Reputation: 1629
I have to divide an unsigned long int for a size_t (returned from a dimension of a array with size() ) like this:
vector<string> mapped_samples;
vector<double> mean;
vector<unsigned long> feature_sum;
/* elaboration here */
mean.at(index) = feature_sum.at(index) /mapped_samples.size();
but in this way an integer division takes place (I lose the decimal part. That's no good)
Therefore, I can do:
mean.at(index) = feature_sum.at(index) / double(mapped_samples.size());
But in this way feature_sum.at(index)
is automatically converted (Temporary copy) to double
and I could lose precision. How can I tackle the question? I have to use some library?
It could be precision loss when you convert the unsigned long in double (because the unsigned long value could be larger than maximum double) The unsigned long value is the sum of the features (positives values). The samples of feature can be 1000000 or more and the sum of values of the features can be enourmus. The max value of a feature is 2000 thus: 2000*1000000 or more
(I'm using C++11)
Upvotes: 3
Views: 2997
Reputation: 45414
you cannot do better (if you want to store the result as a double
), than the simple
std::uint64_t x=some_value, y=some_other_value;
auto mean = double(x)/double(y);
because the relative accuracy of the truncated form of the correct result using float128
auto improved = double(float128(x)/float128(x))

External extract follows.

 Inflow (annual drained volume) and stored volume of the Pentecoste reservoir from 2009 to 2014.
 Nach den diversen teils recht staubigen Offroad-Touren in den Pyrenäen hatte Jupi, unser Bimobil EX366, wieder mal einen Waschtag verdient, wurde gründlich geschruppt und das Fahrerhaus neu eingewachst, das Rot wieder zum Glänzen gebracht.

is typically the same (for typical input -- there may be rare inputs, where improvement is possible). Both have a relative error dictated by the length of the mantissa for double
(53 bits). So the simple answer is: either use a more accurate type than double
for your mean or forget about this issue.

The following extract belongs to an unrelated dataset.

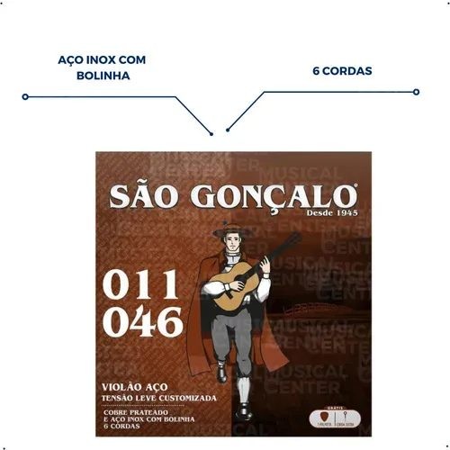 As cordas de violão São Gonçalo oferecem uma afinação precisa e durável. Esse encordoamento de aço revestido em cobre prateado vem com bolinhas, que servem para prender as cordas ao instrumento e facilitar a identificação de cada uma delas. Com tensão média, o encordoamento de violão 011 em aço garante uma afinação precisa e durável. Além disso, sua composição garante maior durabilidade e proteção contra oxidação. Por isso, é uma ótima escolha que combina qualidade e economia. A São Gonçalo surgiu em 1918 na Praça Marechal Deodoro da Fonseca em São Paulo e deu início aos seus serviços, oferecendo cordas de violão de alta qualidade para milhares de músicos do mundo.

To see the relative accuracy, let us assume that
x=a*(1+e); // a=double(x)
y=b*(1+f); // b=double(y)
where e
, f
are of the order 2^-53.
Then the 'correct' quotient is to first order in e
and f
(x/y) = (a/b) * (1 + e - f)
Converting this to double
incurs another relative error of the order of 2^-53, i.e. of the same order as the the error of (a/b)
, the result of the naive
mean = double(x)/double(y).
Of course, e
and f
can conspire to cancel, when more accuracy can be gained by the methods suggested in other answers, but typically the accuracy cannot be improved.
Upvotes: 2
Reputation: 206567
You could use:
// Grab the integral part of the division
auto v1 = feature_sum.at(index)/mapped_samples.size();
// Grab the remainder of the division
auto v2 = feature_sum.at(index)%mapped_samples.size();
// Dividing 1.0*v2 is unlikely to lose precision
mean.at(index) = v1 + static_cast<double>(v2)/mapped_samples.size();
Upvotes: 3
Reputation: 20080
You could try to use std::div
Along the lines
auto dv = std::div(feature_sum.at(index), mapped_samples.size());
double mean = dv.quot + dv.rem / double(mapped_samples.size());
Upvotes: 4